I'm facing a problem solving the particular integral of linear partial differential equation below:$$(2D^2-5DD'+2D'^2)z = 5\sin(2x+y).$$
Here I tried to solve it in the way below:$$F(D,D')z = f(ax+by)$$ $$\text{here } F(a,b) = 0;$$ $$\text{so, } P.I. = {(x^2)\over (1^2)*2!} \cdot 5\sin(2x+y).$$
But in my text book the they solved it another way :$$(2D^2-5DD'+2D'^2) = (D-2D')(2D-D').$$
What is the real approach?
$$2\frac{\partial^2 z}{\partial x^2}-5\frac{\partial^2 z}{\partial x\partial y}+\frac{\partial^2 z}{\partial y^2} = 5\sin(2x+y)$$ is an inhomogeneous PDE. $$\left( \frac{\partial}{\partial x}-2\frac{\partial}{\partial y}\right)\left( 2\frac{\partial}{\partial x}-\frac{\partial}{\partial y}\right)z(x,y)=5\sin(2x+y)$$
Solving the associated homogeneous PDE : $\left( \frac{\partial}{\partial x}-2\frac{\partial}{\partial y}\right)\left( 2\frac{\partial}{\partial x}-\frac{\partial}{\partial y}\right)Z(x,y)=0$ $$Z(x,y)=f(2x+y)+g(x+2y)$$ with any differentiable functions $f$ and $g$.
Search for a particular solution of the inhomogeneous PDE:
We could use the method of variation of parameter in searching a solution of the form $z=h(x,y)Z(x,y)$. This would be tiresome.

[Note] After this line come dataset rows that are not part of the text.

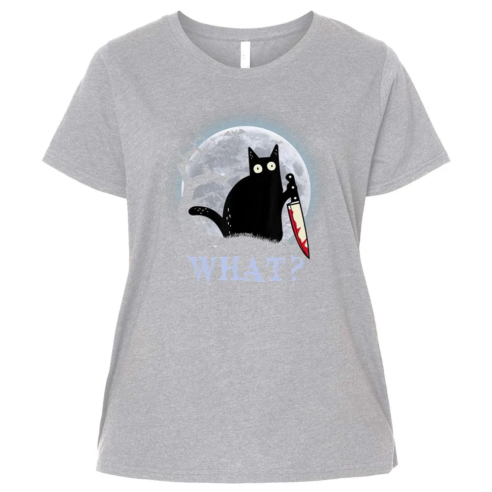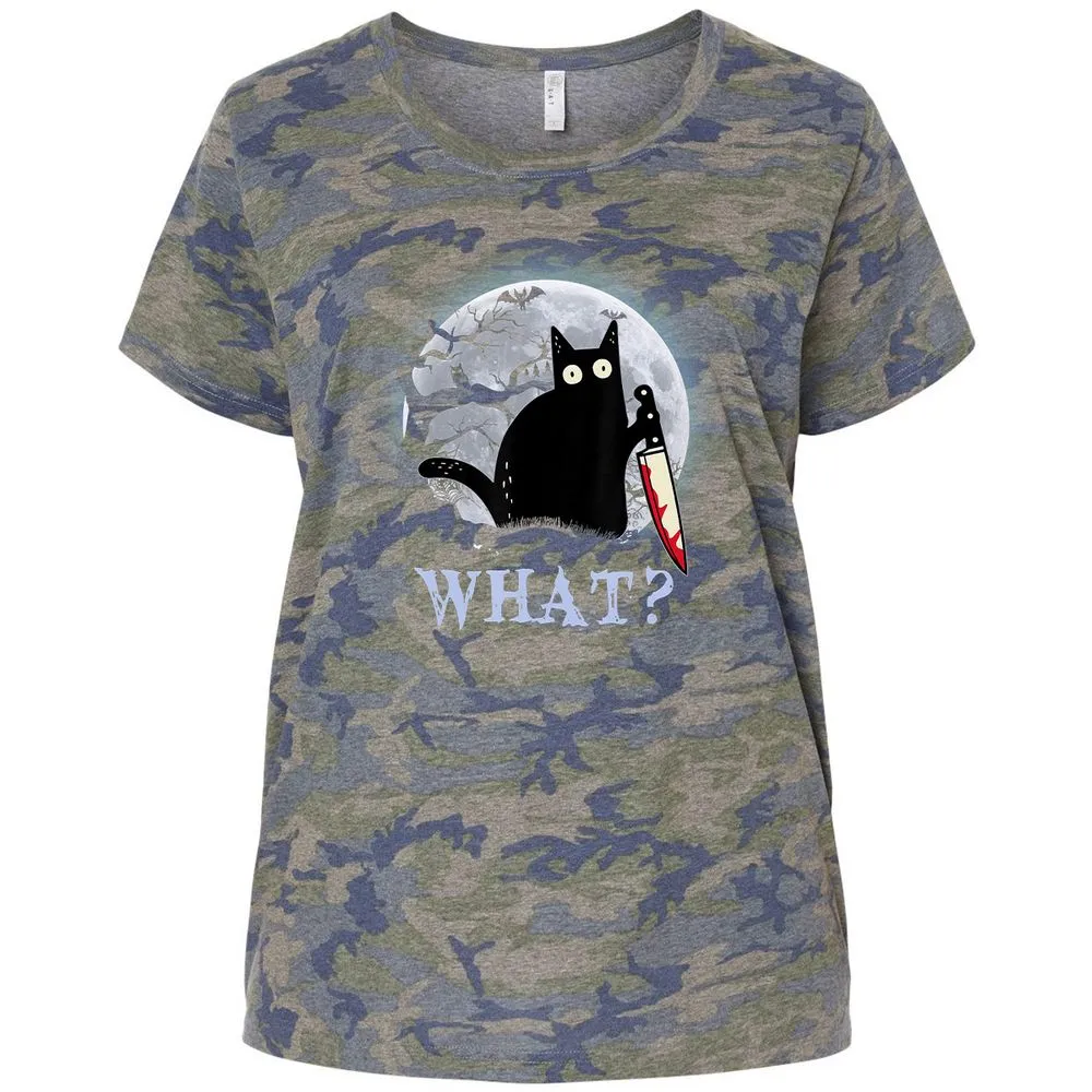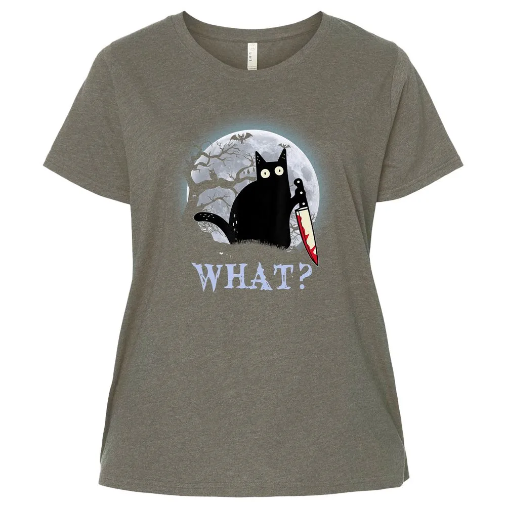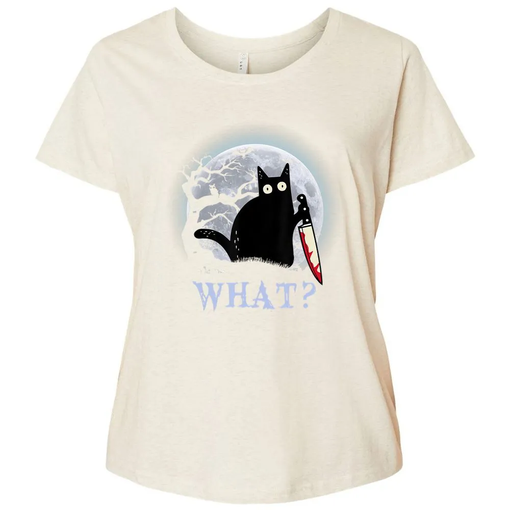 Cat What Murderous Black Cat With Knife Halloween Costume Ladies Curvy Jersey
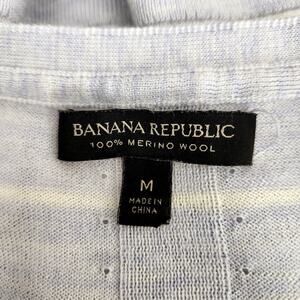 banana republic, merino wool sweater, pastel stripe knit, v-neck pullover, lightweight layering piece, soft wool knit, perforated neckline detail, long sleeve sweater, size medium, quiet luxury style, timeless wardrobe staple, 1989 blue
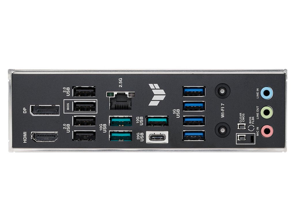 | Back Panel I/O Ports | 1 x USB 20Gbps port (1 x USB Type-C®) 3 x USB 10Gbps ports (3 x Type-A) 4 x USB 5Gbps ports (4 x Type-A) 4 x USB 2.0 ports (4 x Type-A) 1 x DisplayPort 1 x HDMI™ port 1 x Wi-Fi module 1 x Realtek 2.5Gb Ethernet port 3 x Audio jacks 1 x BIOS FlashBack™ button 1 x Clear CMOS button |

By luck the form of the term $5\sin(2x+y)$ is the same as $f(2x+y)$.
So, it is much simpler to search a solution on the form: $c_1\:x\sin(2x+y)+c_2\:x\cos(2x+y)$. Putting it into the PDE allows to identify $c_1=0$ and $c_2=-\frac{5}{3}$. Thus, the general solution of the PDE is : $$z(x,y)=f(2x+y)+g(x+2y)-\frac{5}{3}\cos(2x+y)$$ with any differentiable functions $f$ and $g$.